御嘆きはもっともであるが、自分としてはもとより覚悟していたことであるからいまさら嘆いてはいない。今まで頚を切られないでいることこそ残念に思っている。法華経のために過去世にもし頚を切られていたら、今生にこうした少身の身は受けなかったであろう。また経文には数数見擯出と書かれており、法華経のためにたびたび御勘気をこうむることによって過去の重罪をけしてこそ、仏になれるのであるから、我と我が心から求めて苦行をしているのである。
九月十四日 日 蓮 花 押
土木殿御返事
北条幕府が責めてくれるので、日蓮が法華経の行者であることがはっきり顕れた。月はかけて満ち、潮は引いて満ちることは疑いない。日蓮も罰を受けたから必ず徳を得るのである。どうして嘆くことがあろう。
語釈
御勘気
主人または国家の権力者から咎めを受けること。
武蔵守殿
武蔵守北条宣時のこと。佐渡の知行者。良観の熱心な信者であったらしい。
ほんまのえち
佐渡の守護代。本間六郎左衛門の所領で依知をさす。
えちの六郎左衛門尉殿の代官・右馬太郎
佐渡の国の守護職・本間六郎左衛門尉の代官で、神奈川県依智の本間屋敷を預かっていた右馬太郎のこと。
数数見擯出
法華経勧持品第13の二十行の偈文。「数数擯出せられ」と読む。「数数」とは、しばしばという意。「見擯出」とは所を追われるという意。日蓮大聖人は、この経文どおりに二度まで流罪された。一度は弘長元年(1261)5月12日伊豆国伊東、二度目は文永8年(1271)10月10日佐渡。日蓮大聖人は、仏滅後にこの「数数見擯出」の経文を身業読誦されたのは御自身のみであると述べられている。
講義
本抄は、文永8年(1271)9月14日、相模国の依智(神奈川県厚木市依智)から富木常忍に宛てられたお手紙である。竜の口の法難の直後のお手紙であり、依智滞在中にしたためられた重要な御抄である。御真筆が存している。

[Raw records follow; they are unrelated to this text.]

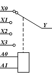 Мультиплексор – это цифровой многопозиционный переключатель, имеющий несколько сигнальных входов Xn-X0 и один выход Y. Для управления положением переключателя имеется несколько адресных входов Am-A0. Эквивалентная схема мультиплексора на 4 канала представлена на рисунке__. Подавая двоичный код на адресные входы, можно выбрать номер сигнального входа, который подключается к выходу. Схему мультиплексора на 4 канала c использованием логических элементов представлена на рисунке __.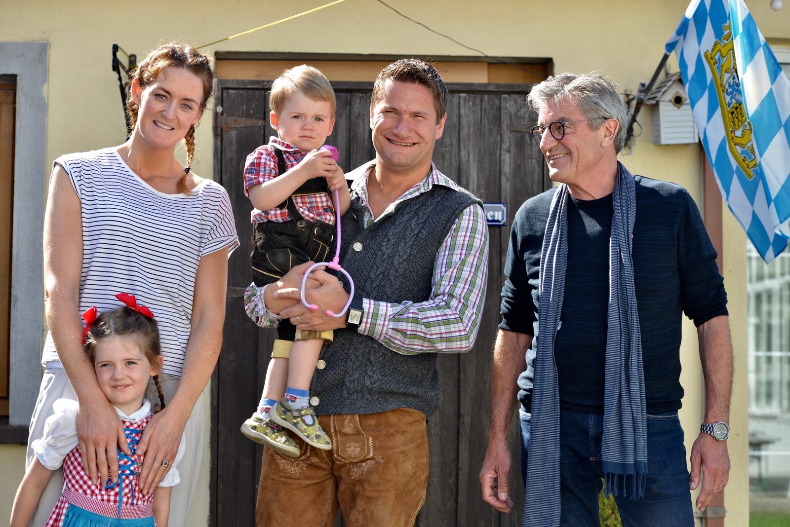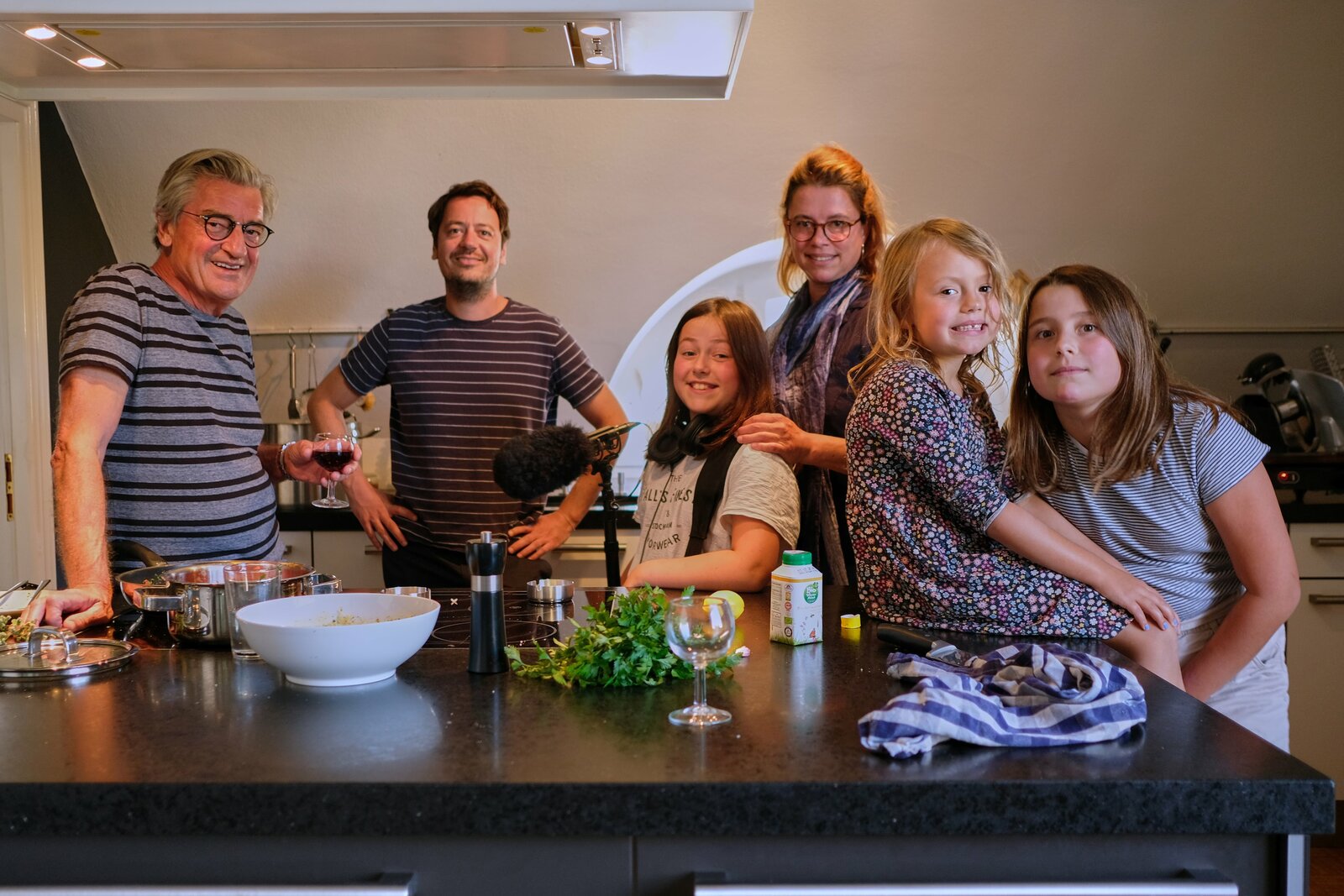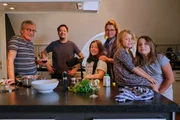 Von links: Franz und Jonas Gernstl, Mathilda, Uli, Amalia und Greta Kerschbaumer. Familie Kerschbaumer besucht Franz und Jonas zum Abendessen.Bild: © BR/megaherz gmbh/Hans-Peter Fischer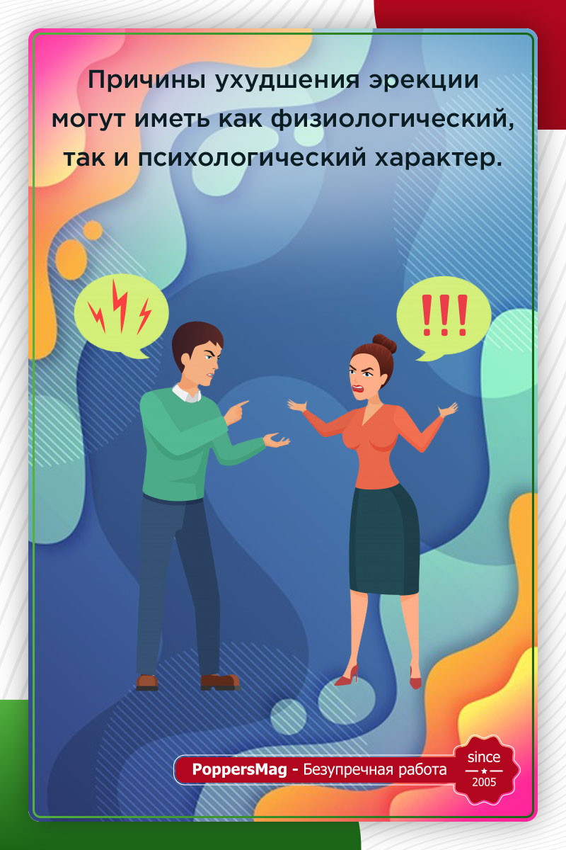 При этом, причины ухудшения эрекции могут иметь как физиологический, так и психологический характер. Важно понимать, что эмоциональное состояние весьма влияет на вашу мужскую силу. В современном мире стрессовые ситуации ожидают нас на каждом шагу. И если вы очень остро на них реагируете – риск возникновения эректильной дисфункции резко увеличивается. Именно поэтому всегда лучше посетить психолога, который поможет разобраться в ваших проблемах. Тем самым вы предотвратите возможность ухудшения потенции.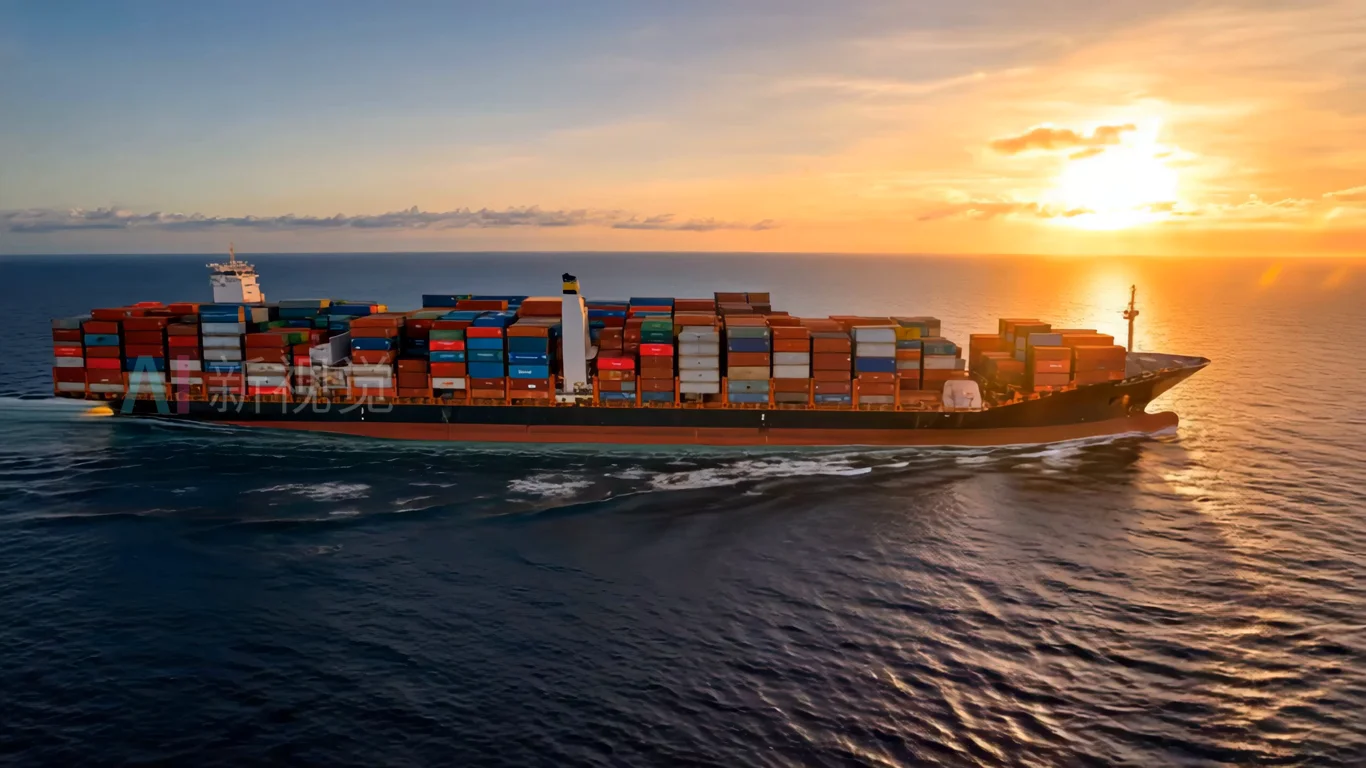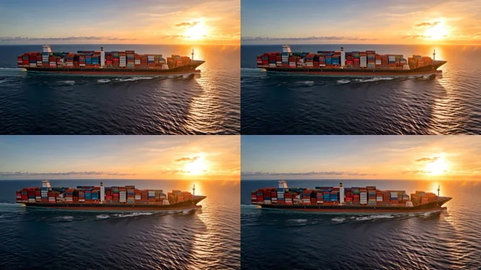 首页 / 视频素材 / AI视频素材(横屏) / 海上集装箱货船日出航行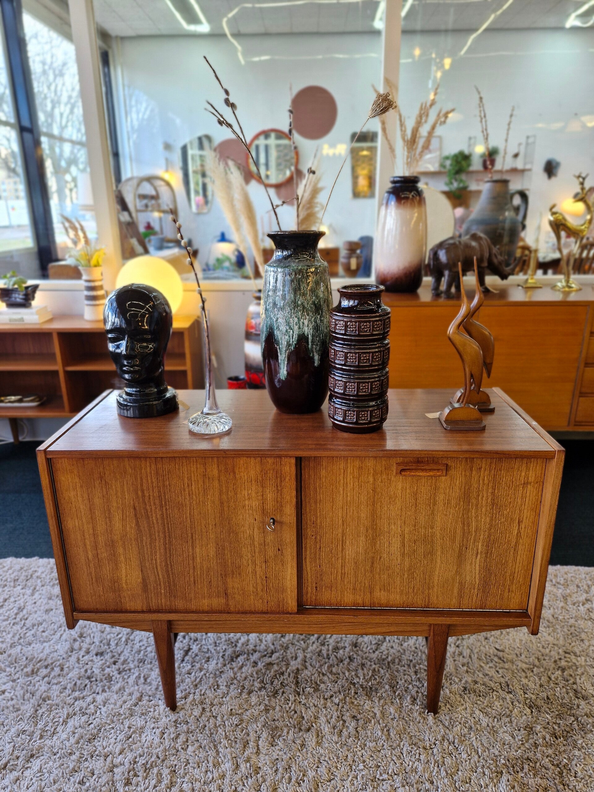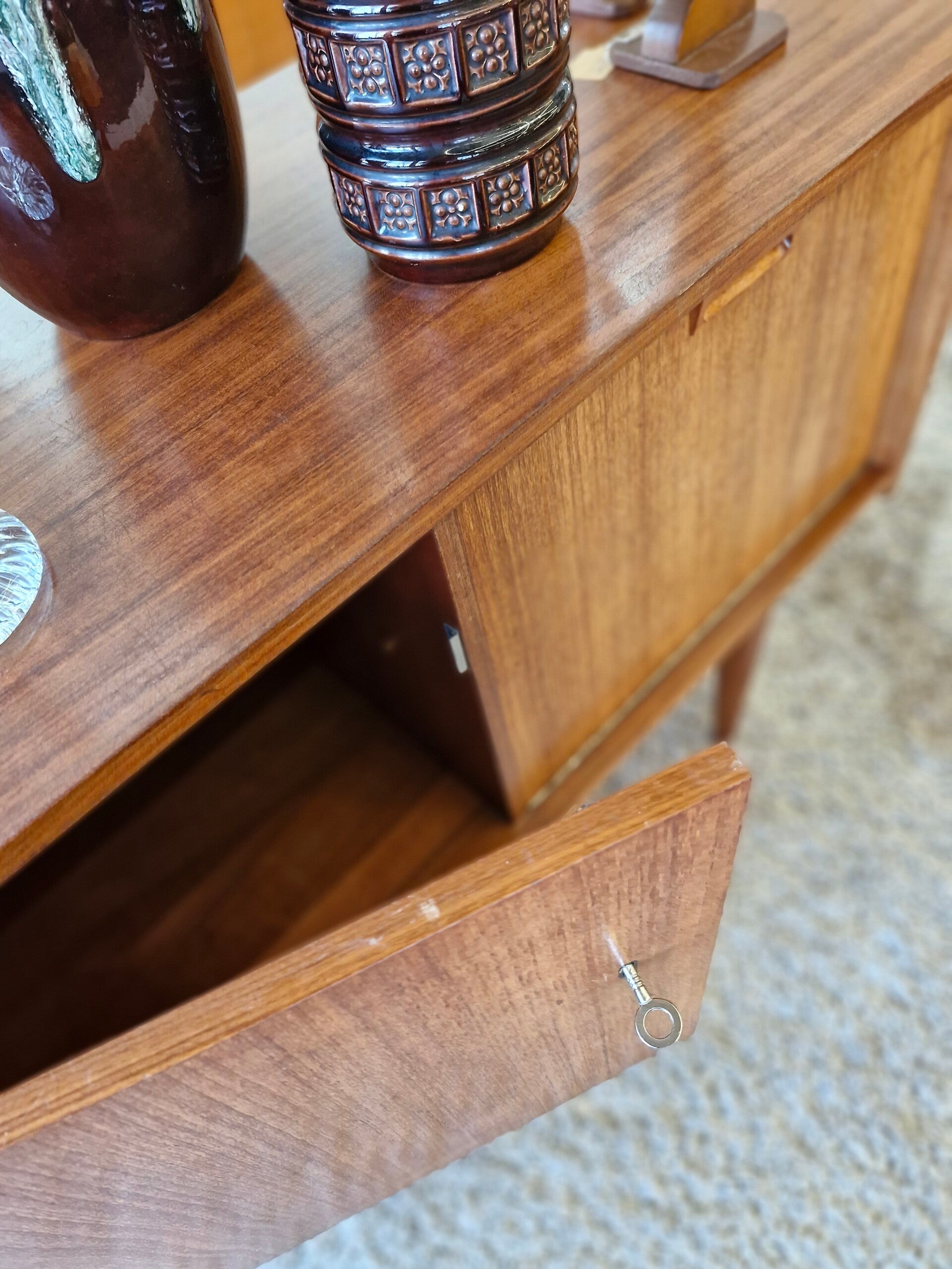 Super leuk vintage platenkastje / klein dressoir van het Nederlandse meubelmerk Fristho uit de jaren 70. Perfect om je platenspeler op te zetten en je mooiste lps in op te bergen. Inclusief sleutel en werkend slot. In mooie conditie, lichte gebruikssporen passend bij zijn leeftijd.

「種種御振舞御書」によれば、この日の朝6時ごろ、十郎入道がやってきて、前日に執権北条時宗のところで騒ぎがあり、陰陽師に占わせたところ、日蓮大聖人をとらえたゆえで、赦免にしなければますます大きな事件が起こるであろうと言ったので、幕府首脳の間で議論があり、赦免にしようという意見と、様子をみてからにしようという意見が出ていることを報告している。それによると、赦免になる可能性が強かったようであるが、本抄を拝すると、大聖人は佐渡流罪になることを覚悟しておられたようである。一つには「数数見擯出」の経文から、いま一つは念仏者等が簡単にあきらめるわけはないとの洞察から、佐渡流罪は避けられないと考えておられたにちがいない。事実、こうした幕府の大聖人赦免の動きに対して、このあと念仏者らは鎌倉市中に放火・殺人事件を起こし、日蓮一門のしわざだとデマを流して、大聖人を流刑にするよう幕府へ働きかけていったのである。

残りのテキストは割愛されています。